Data entries
════════════════════

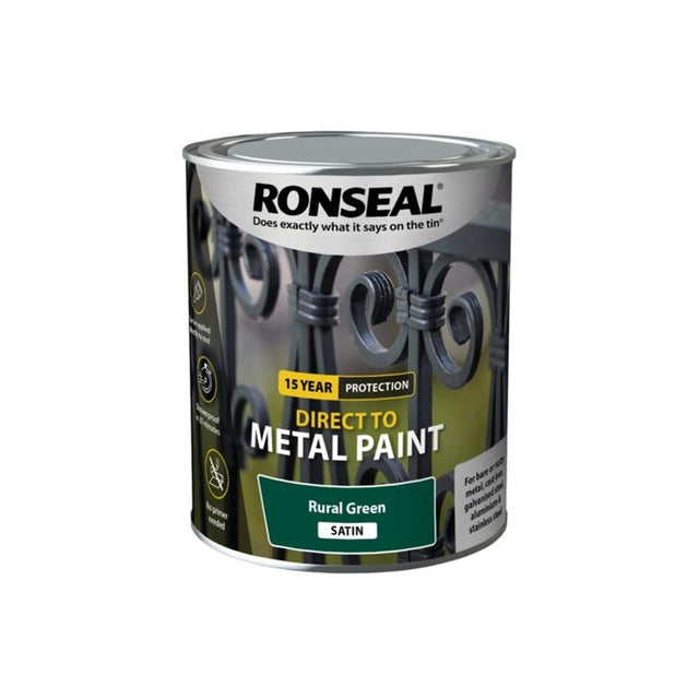 Ronseal Direct To Metal Paint 750ml Rural Green Satin Ronseal Direct to Metal Paint is a high quality water based paint that provides a tough and durable finish to your metal, and can be applied directly to rust. Due to geographical locations we are unable to deliver to: Isle of Wight, Isle of Man and Ireland.
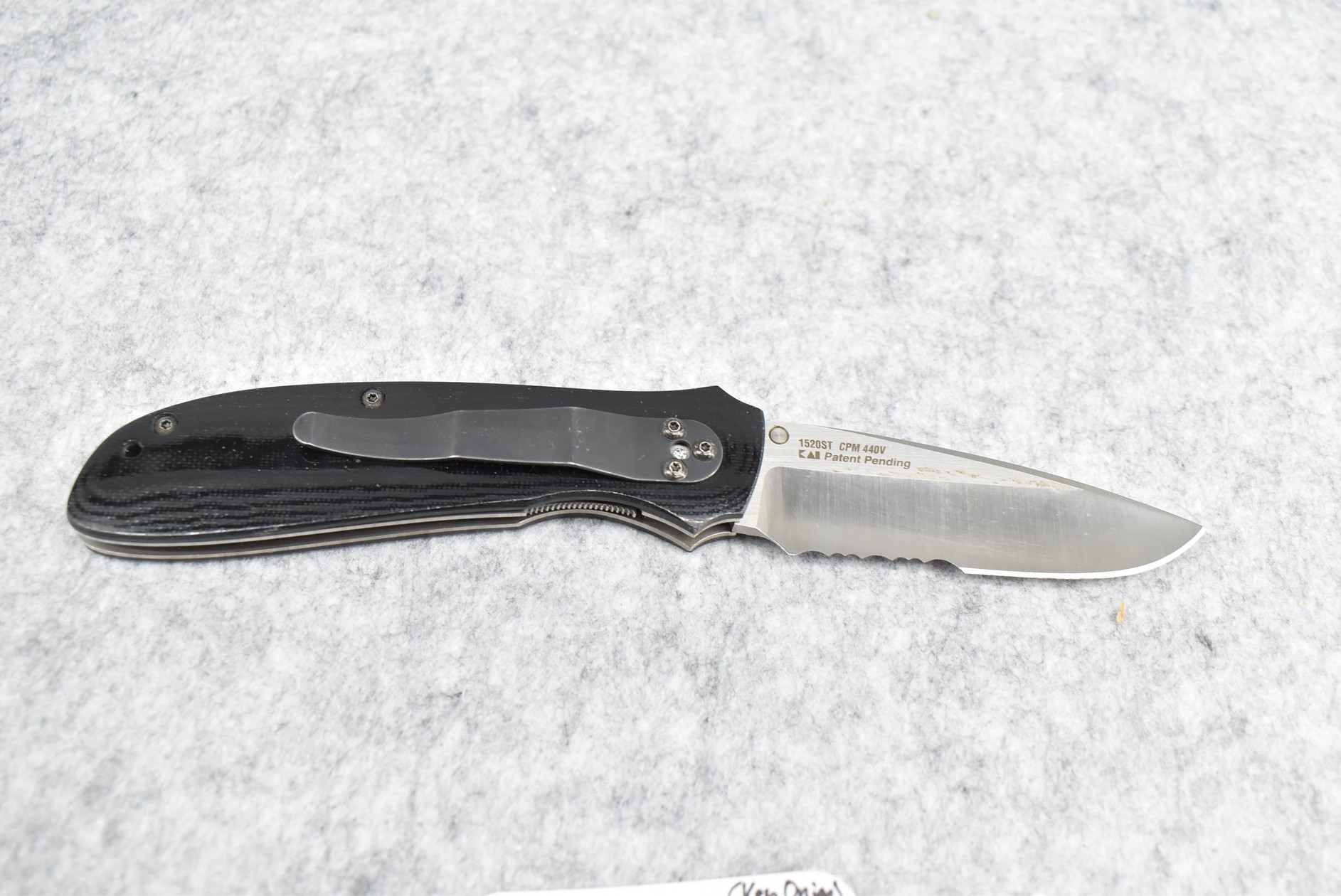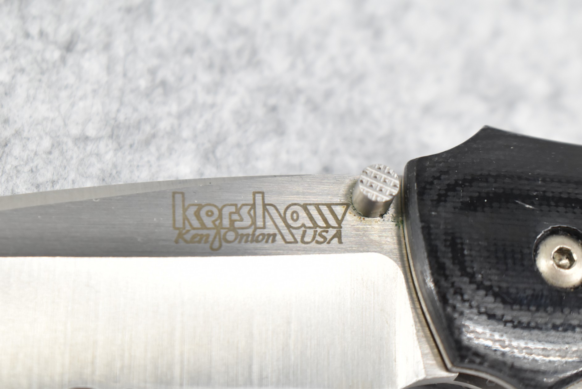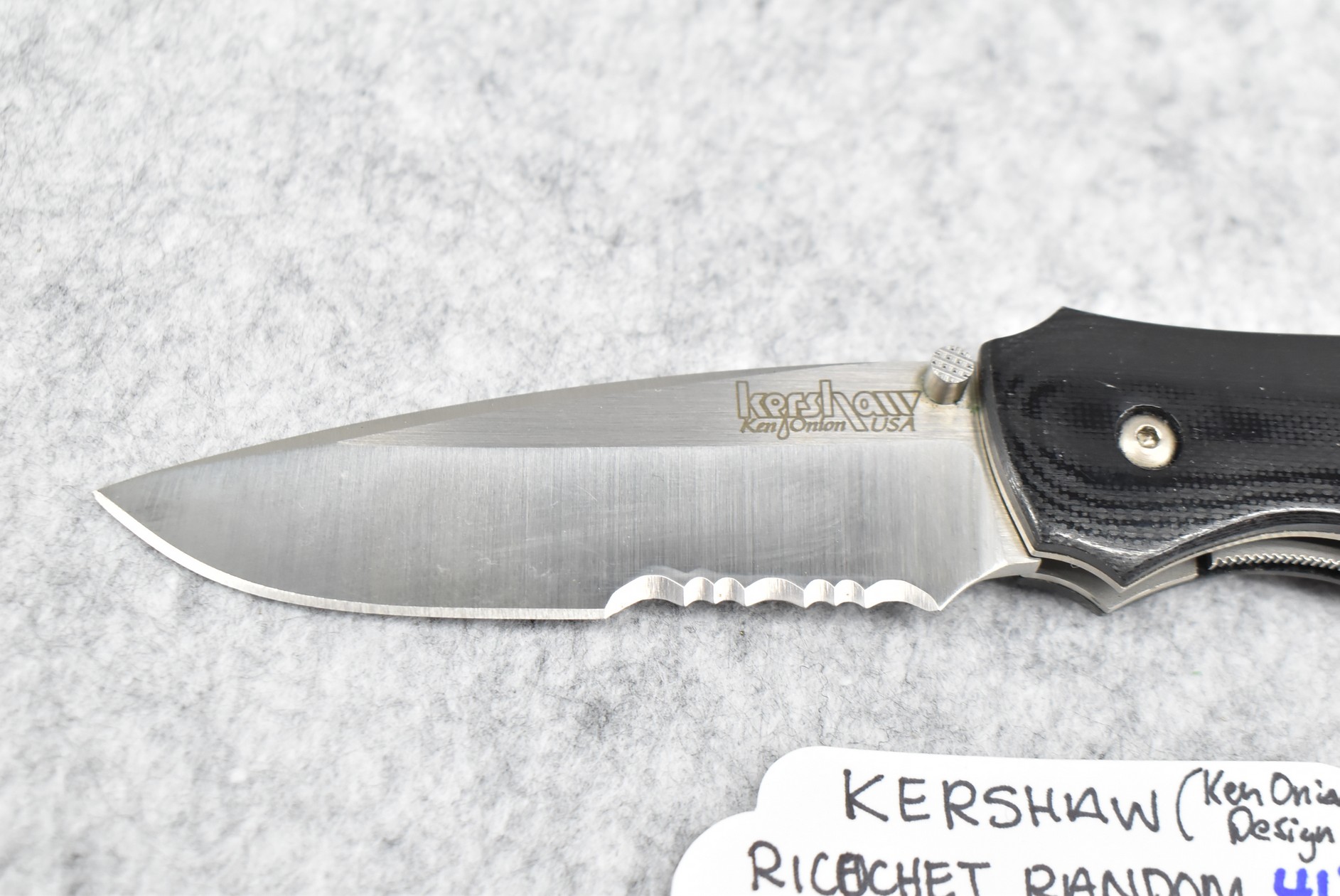 413. Kershaw – Ken Onion Design Ricochet Raman Task Assisted Knife – w/3.25” Steel Drop Point Partially Serrated Blade – 7.5” Overall Length – w/G10 Black Handle
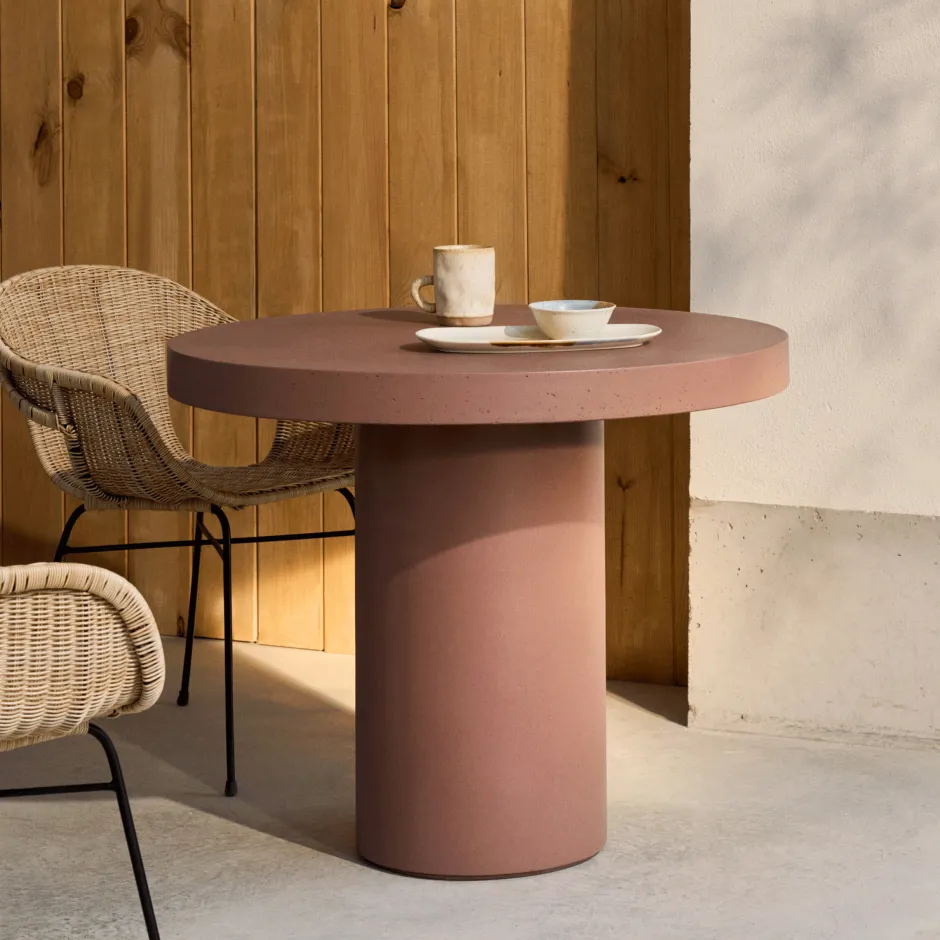 De Aiguablava collectie combineert functionaliteit en design op zijn best. Geïnspireerd door de puurheid van het minimalisme en met eenvoudige lijnen wordt dit meubel de ziel van elke omgeving en zorgt het zowel binnen als buiten voor een unieke persoonlijkheid. Gemaakt van GFRC (glasvezelversterkt beton), een materiaal dat zich onderscheidt door weerbestendigheid, lichtheid en duurzaamheid. Deze tafel is ontworpen om jarenlang dezelfde charme te behouden als op de eerste dag. Elke Aiguablava tafel is een exclusief element dankzij de unieke tinten, texturen en porositeiten die ontstaan tijdens de productie. De getextureerde afwerking met een glazuur dat de kleur versterkt en de nerven van het beton onthult, maakt van deze tafel een functioneel kunstwerk. Bovendien is de pigmentatie geïntegreerd in het mengsel, waardoor een diepe kleur wordt gegarandeerd die bestand is tegen de tand des tijds, en wordt slijtage van het oppervlak, zoals bij andere technieken, vermeden. Kleine onregelmatigheden, zoals microscheurtjes of zichtbare poriën op de randen en de basis, maken deel uit van de esthetische taal van het beton en hebben geen invloed op de integriteit van het product. Om het uiterlijk te behouden, wordt aangeraden om hem in de herfst en winter te beschermen met een waterdichte laag en twee keer per jaar Sterina steenbeschermer aan te brengen.
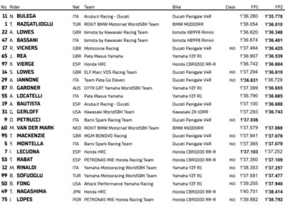 En la segunda práctica, los roles se invirtieron: el italiano superó por 0.232 segundos al turco y en promedio de velocidad de ambas pruebas, terminó por encima de Razgatlioglu. Además, fue el único en bajar el tiempo de 1.36 segundos por vuelta.
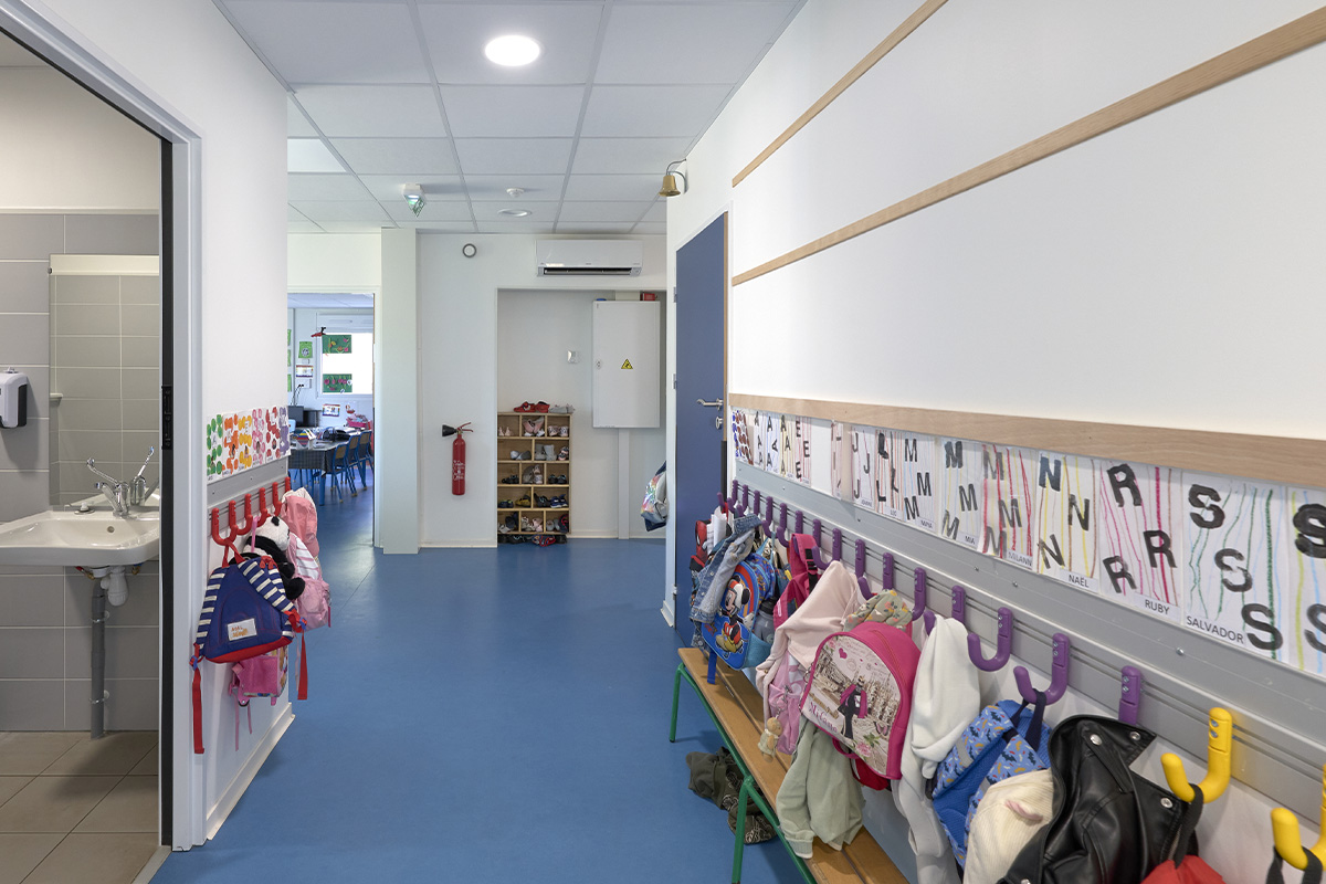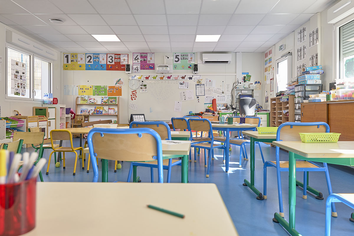 L’extension comprend trois salles de classe de 55 m², chacune équipée d’un point d’eau, d’une réserve pour le matériel pédagogique, de murs aimantés et d’un accès direct vers l’extérieur.

════════════════════

For this exercise, copy each line of the data above exactly, from the first through the line containing "413. Kershaw –", and drop the pictures.

| EXERCISE ANSWER |
 Ronseal Direct To Metal Paint 750ml Rural Green Satin Ronseal Direct to Metal Paint is a high quality water based paint that provides a tough and durable finish to your metal, and can be applied directly to rust. Due to geographical locations we are unable to deliver to: Isle of Wight, Isle of Man and Ireland.
 413. Kershaw – Ken Onion Design Ricochet Raman Task Assisted Knife – w/3.25” Steel Drop Point Partially Serrated Blade – 7.5” Overall Length – w/G10 Black Handle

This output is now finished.